This time he was sure: the wail was coming from the Elucidator, speaking in JB’s voice.
“Jonah, there’s been a mistake,” JB’s voice came out loud and clear and anxious, straight from the Elucidator. “You and Katherine have no business going into the fifteenth century with Chip and Alex. You’re not allowed. You could cause even more damage. And you can’t take the Elucidator or the Taser there—”
“You should have thought of that before you zapped Chip,” Jonah said, and he was amazed that he could sound so defiant, out here in the middle of nothingness. “You should have known that we’d stick together.”
There was a silence, as if JB was trying to accept that. Maybe he hadn’t known they would stick together.
“Look, I’ll tell you what to do so you and Katherine can come back,” JB said, his voice strained.
“No,” Jonah said stubbornly. “Tell us what to do so we can all come back. Even Alex.”
Chip looked over at Jonah, gratitude gleaming in his eyes.
“Jonah,” JB protested. “You don’t know what you’re talking about. Certain things have been set in motion. Chip and Alex have to go to the fifteenth century.”
“Then Katherine and I are going too,” Jonah said. He didn’t know how it was possible, but he could feel time flowing past him, scrolling backward.
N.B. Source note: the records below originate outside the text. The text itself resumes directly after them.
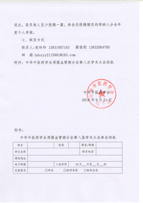 由中华中医药学会主办中华中医药学会周围血管病分会承办河北省中医药学会、邯郸市中医药学会及邯郸市中医院协办“中华中医药学会周围血管病分会第八次学术大会定于2016 10月28-30日在河北省邯郸市召开。会议通知如下:
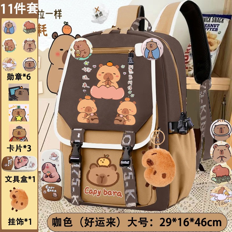 【孩子热爱款!全套更炫酷!】卡皮巴拉书包 一二三到六年级男女生轻便卡通儿童书包 大容量双肩包
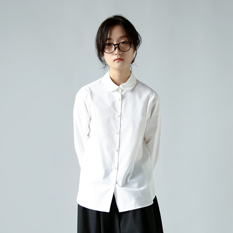 凛としたかわいらしさを持つ丸衿を採用する一方で、その他のパーツではできるだけオーソドックスなデザインを持つフォーマルシーンにピッタリのシャツに仕上げました。
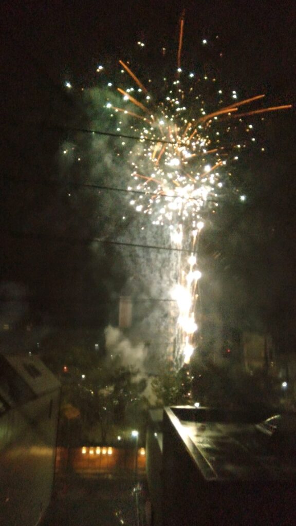 さて、10月は祭りの季節です。各週末にはそれぞれの地区などでお祭りがあり、手筒花火などがそれぞれの鎮守様に奉納され、五穀豊穣、家内安全などを祈ります。その先陣を切るのが、第一週の土日に開催される”羽田祭り”です。駅の西側の地区にある羽田八幡宮の例大祭で、豊橋駅の周辺の19町会が氏子として参加します。私が現在住んでいる町会もこの範疇に入ります。初日の土曜日は、八幡宮の御旅所とされる松葉公園で各町会からの手筒と大筒が奉納されるのですが、大筒は下の写真にあるように筒を支える台座がお神輿のようになっていて、各町会から順次街中を練り歩きつつ、この御旅所に来ます。そこで手筒と合わせてドカーン、ドカーンと打ち上げられますが、何分街中の小さな公園内で打ち上げられますので、家の中からも大きな音、風向きによっては大量の煙とにおいが襲ってきますので、窓はしっかりと閉めておかないと大変なことになります。今年は夕方6時頃から始まり9時過ぎまで全部で700本もの奉納があったようで、翌朝にはベランダの手すりに花火の燃えカスがいっぱい舞い落ちていました。屋外に駐車していた車の屋根にもさぞかし多くの燃えカスが付いていたことでしょう。

He felt like he had only a few more seconds left to convince JB. “What if…what if we could fix the fifteenth century? Make everything right again? Then couldn’t Alex and Chip come back to the twenty-first century with us?”
Silence.
Jonah had nervous tremors in his stomach. The hand holding the Elucidator was shaking. He wasn’t even sure what he was asking for. But he couldn’t stop now.
“You have to let us try,” Jonah argued. “Let us try to save Alex and Chip and time. Or else…” He had to come up with a good threat. Or else what? Oh. “Or else we’ll do our best to mess up time even worse than Hodge and Gary did.”
The silence from the Elucidator continued. Jonah worried that they’d floated out of range, or that the battery had stopped working, just like a defective cell phone.
Then JB’s voice came through again, faint but distinct.
“All right,” he said wearily. “I’ll let you try.”
The lights on the horizon were getting brighter. Jonah knew nothing about the fifteenth century. He truly didn’t know what he’d just bargained for.
“Wow,” Chip said. “When you make a promise, you really keep it.”
Promise? Jonah wondered. What promise? Then he remembered what he’d told Chip, right after Chip found out that he was adopted. I swear, I’ll do everything I can to help you. It seemed like he’d said that hundreds of years ago, hundreds of lifetimes ago.
No—hundreds of years and lifetimes ahead.
Jonah’s stomach gurgled. He could tell he was out of the nontime limbo because he was hungry again. Starving, in fact.
“Do you think they have good turkey legs in the fifteenth century?” he asked.
There was no time for Chip and Katherine to answer him or even to make fun of his question. The lights were getting brighter and brighter, rushing at them faster and faster and faster….
They landed.
“Welcome to the fifteenth century,” JB said grimly through the Elucidator. “Good luck.”